## EXERCISE REQUIREMENTS
Using the entries below, copy exactly each line from the line with "- Sản phẩm: HF" up to and including the line with "Coussin coloré vintage", with every picture left out.

## INPUT DATA
━━━━
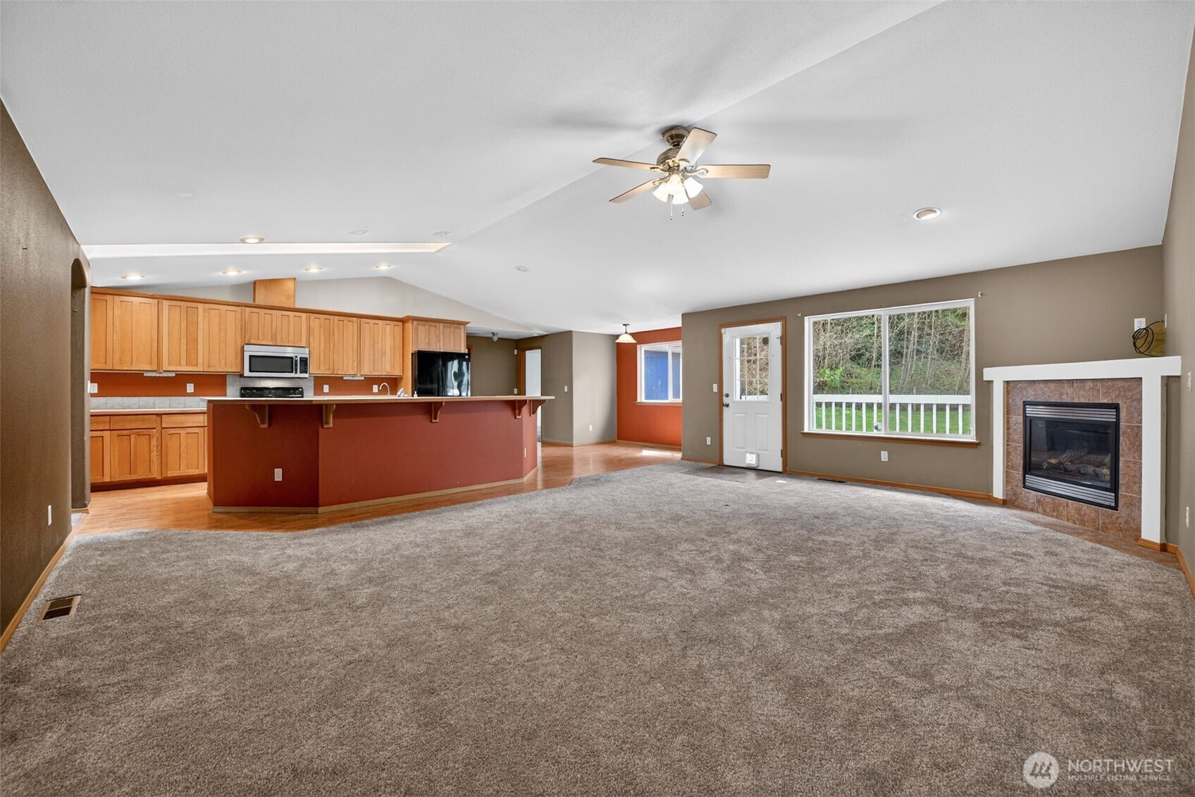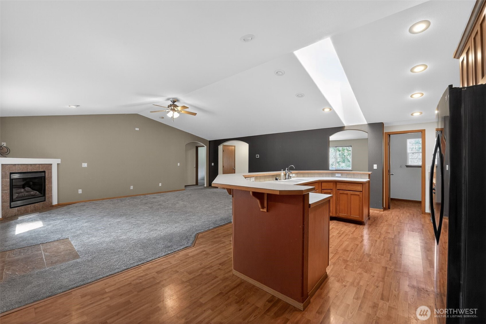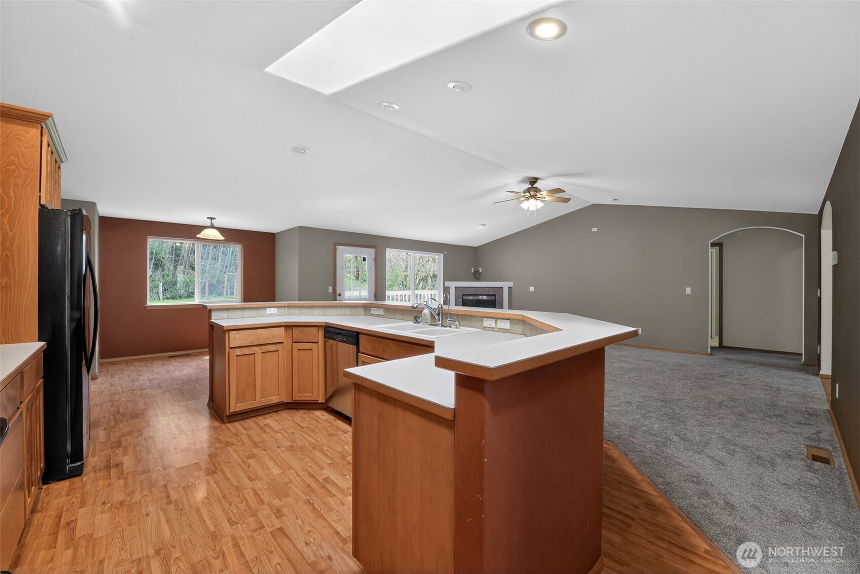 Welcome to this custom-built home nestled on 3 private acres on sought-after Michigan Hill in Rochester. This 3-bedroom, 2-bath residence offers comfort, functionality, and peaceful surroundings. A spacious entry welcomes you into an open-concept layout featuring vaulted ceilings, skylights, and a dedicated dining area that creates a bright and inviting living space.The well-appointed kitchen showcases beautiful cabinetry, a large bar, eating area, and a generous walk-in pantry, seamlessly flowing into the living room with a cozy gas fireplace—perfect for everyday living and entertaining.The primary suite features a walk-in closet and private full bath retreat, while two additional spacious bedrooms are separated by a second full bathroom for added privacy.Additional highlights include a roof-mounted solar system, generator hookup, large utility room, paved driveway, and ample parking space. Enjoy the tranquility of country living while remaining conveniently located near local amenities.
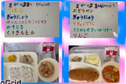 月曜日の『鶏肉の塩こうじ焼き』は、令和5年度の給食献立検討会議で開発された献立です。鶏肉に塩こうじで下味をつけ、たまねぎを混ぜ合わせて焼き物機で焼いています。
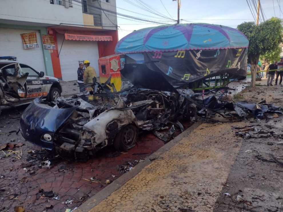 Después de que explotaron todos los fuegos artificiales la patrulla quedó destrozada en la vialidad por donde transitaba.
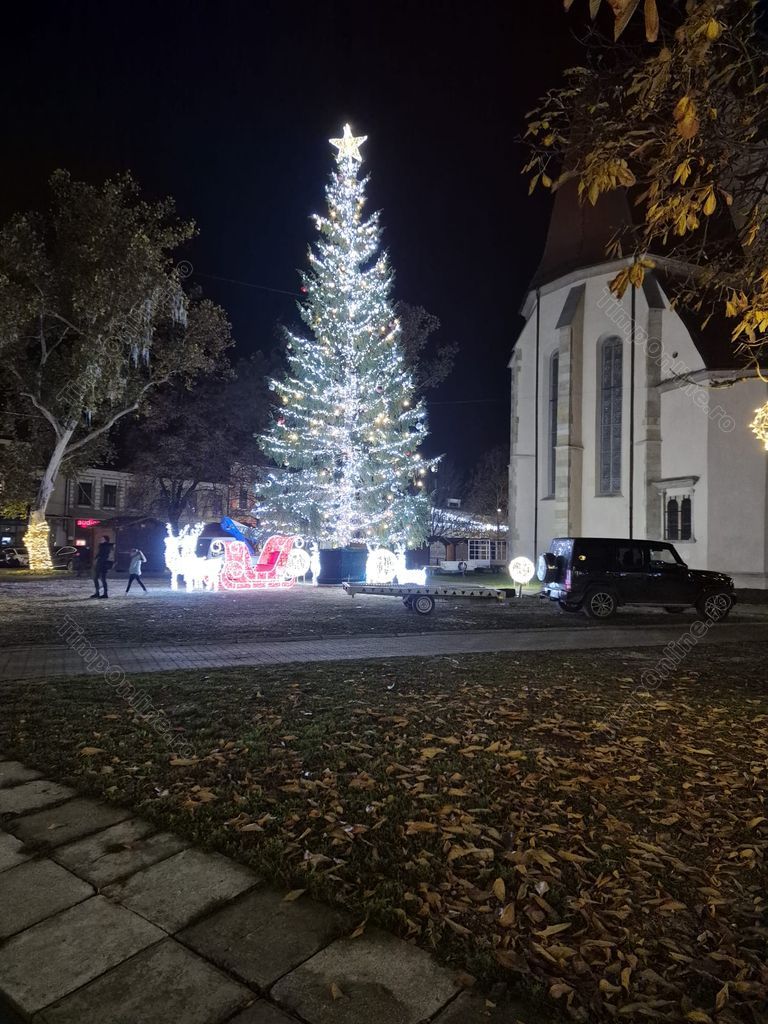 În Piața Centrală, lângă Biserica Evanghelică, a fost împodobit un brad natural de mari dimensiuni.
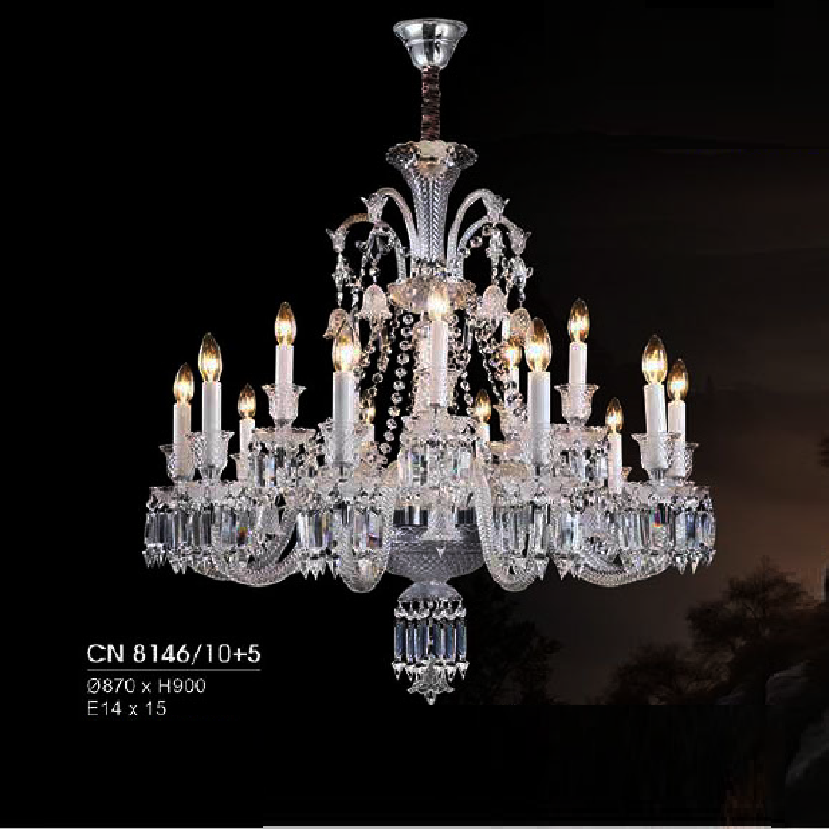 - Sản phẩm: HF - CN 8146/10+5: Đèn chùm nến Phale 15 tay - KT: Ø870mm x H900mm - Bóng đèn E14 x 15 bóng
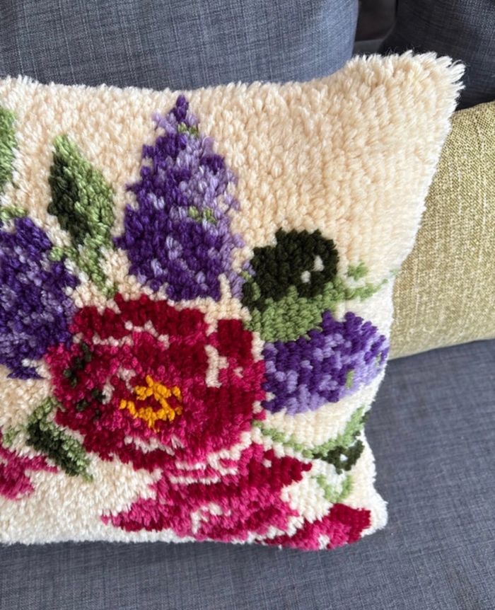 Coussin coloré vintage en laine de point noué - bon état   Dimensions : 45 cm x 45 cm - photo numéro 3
━━━━
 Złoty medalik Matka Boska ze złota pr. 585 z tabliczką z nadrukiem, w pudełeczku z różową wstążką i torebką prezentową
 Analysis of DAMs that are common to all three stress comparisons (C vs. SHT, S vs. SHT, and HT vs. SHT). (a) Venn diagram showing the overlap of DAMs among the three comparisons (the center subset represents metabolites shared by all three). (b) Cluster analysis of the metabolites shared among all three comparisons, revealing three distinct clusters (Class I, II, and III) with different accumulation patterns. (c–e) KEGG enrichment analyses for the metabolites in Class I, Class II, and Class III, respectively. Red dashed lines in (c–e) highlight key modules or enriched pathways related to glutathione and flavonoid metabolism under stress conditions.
━━━━
## ANSWER SECTION
 - Sản phẩm: HF - CN 8146/10+5: Đèn chùm nến Phale 15 tay - KT: Ø870mm x H900mm - Bóng đèn E14 x 15 bóng
 Coussin coloré vintage en laine de point noué - bon état   Dimensions : 45 cm x 45 cm - photo numéro 3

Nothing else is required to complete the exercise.